In any case, we’re told nothing about the relative strategic importance of the “thousands of sorties flown in Iranian airspace.” So it’s impossible to know whether the loss of these jets is significant or not. We were also told by our dear leaders that our jets were the most advanced in the world, essentially invincible, and that all Iranian air defenses had been obliterated (or perhaps “decimated,” there being no difference between 100% and 10% destruction in the Trumpian universe). Isn’t it significant that the Iranians have rebutted these confident claims, and threaten to keep doing so?

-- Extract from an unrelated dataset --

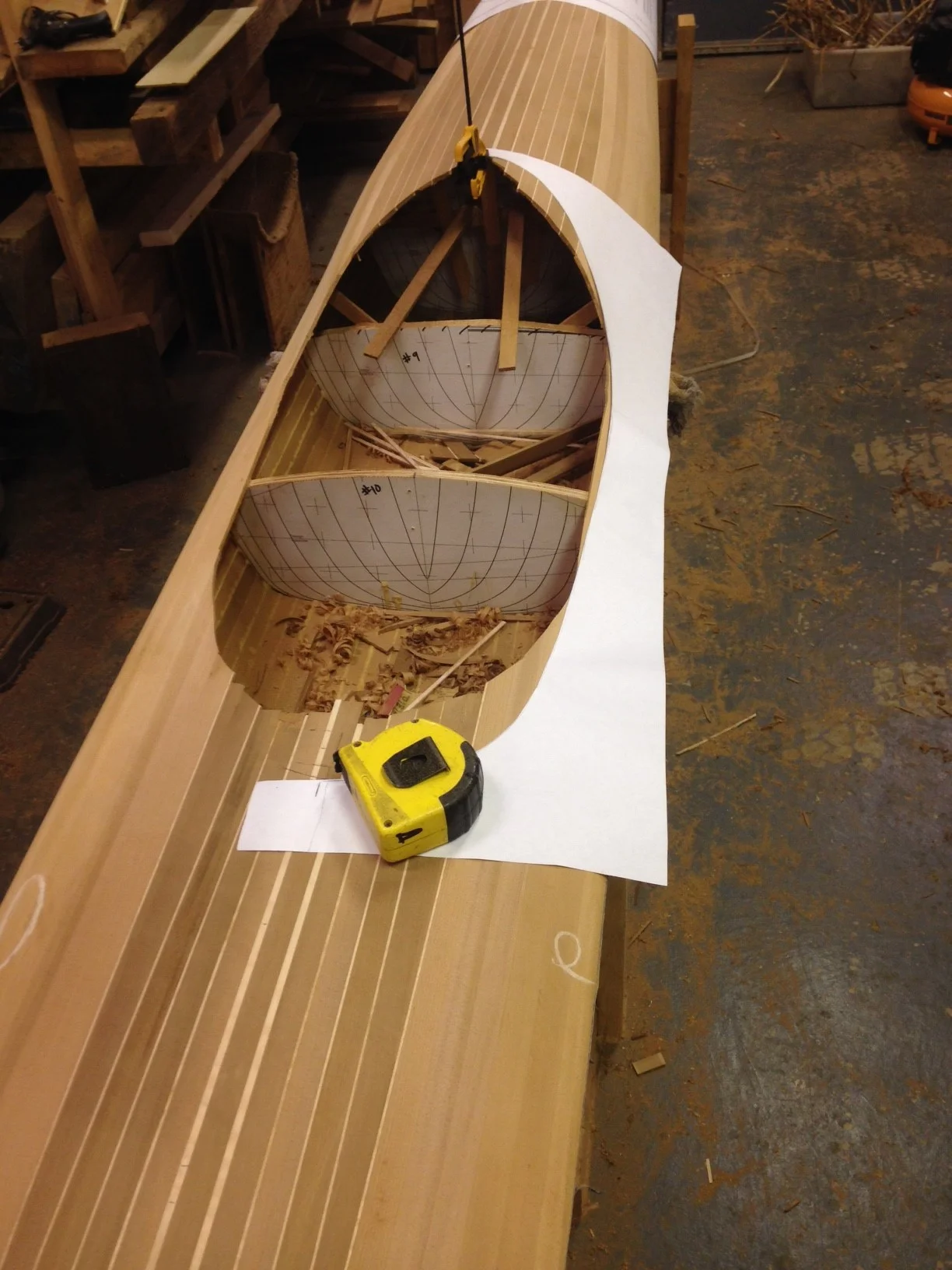 I laid the paper on the cockpit opening and used a pencil to trace it on the cedar. I flipped the paper for get the second side, to ensure symmetry.

Not to Americans convinced that their claims are irrefutable by virtue of being American.

This is one of my favorites, an “expert” claim dying for confrontation with a Socratic questioner:

“It definitely shows that Iran can win without winning,” said Alan Eyre, a former State Department expert on Iran and fellow with the Middle East Institute. “The U.S. narrative is, ‘We’ve got everything in the bag.’ This punctures that narrative.”

“Win without winning.” Tell me you’re not making any sense without telling me you’re not making any sense.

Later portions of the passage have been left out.